Bandholz: How do these plaintiff legal professionals resolve which ecommerce companies to focus on?
Berkowitz: They possible use numerous instruments to determine profitable firms. There are public databases that present estimates of gross sales volumes for particular web sites. They in all probability additionally monitor social media and the information for companies which are getting a lot consideration.
Your organization, Beardbrand, had quite a lot of media protection, and also you have been even on Shark Tank. Even when that was years in the past, it’s nonetheless an indication of success that may catch their consideration. Some companies inadvertently make themselves targets by bragging about their progress or success on social media.
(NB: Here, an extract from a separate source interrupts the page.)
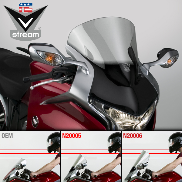 Honda VFR 1200 F National Cycle revolutionizes windscreen performance with the VStream® Windscreen! The patented "V" shape and advanced dimensional contours push the wind vortex away from the rider's head, resulting in a peaceful, quiet riding environment. The passenger's comfort is improved as well. Thick, sturdy FMR hardcoated Lexan ® polycarbonate. DOT approved,One-piece screen replaces OEM two-piece unit. Uses existing mounting hardware for a direct replacement.

Bandholz: What makes for lawyer-client relationship?
Berkowitz: It’s essential to work with a lawyer who understands your state of affairs and objectives. Be upfront about what you’re keen to spend and the way far you wish to take the case. Transparency on either side is essential to relationship.
As a consumer, be sincere about any previous points along with your web site, whether or not or not you’ve tried to make it accessible. Surprises will be detrimental to your case. As legal professionals, we are saying, “Unhealthy info, no downside” so long as we find out about them. Simply be clear about what you wish to obtain and any obstacles you’ve confronted.
Bandholz: The place can individuals discover you?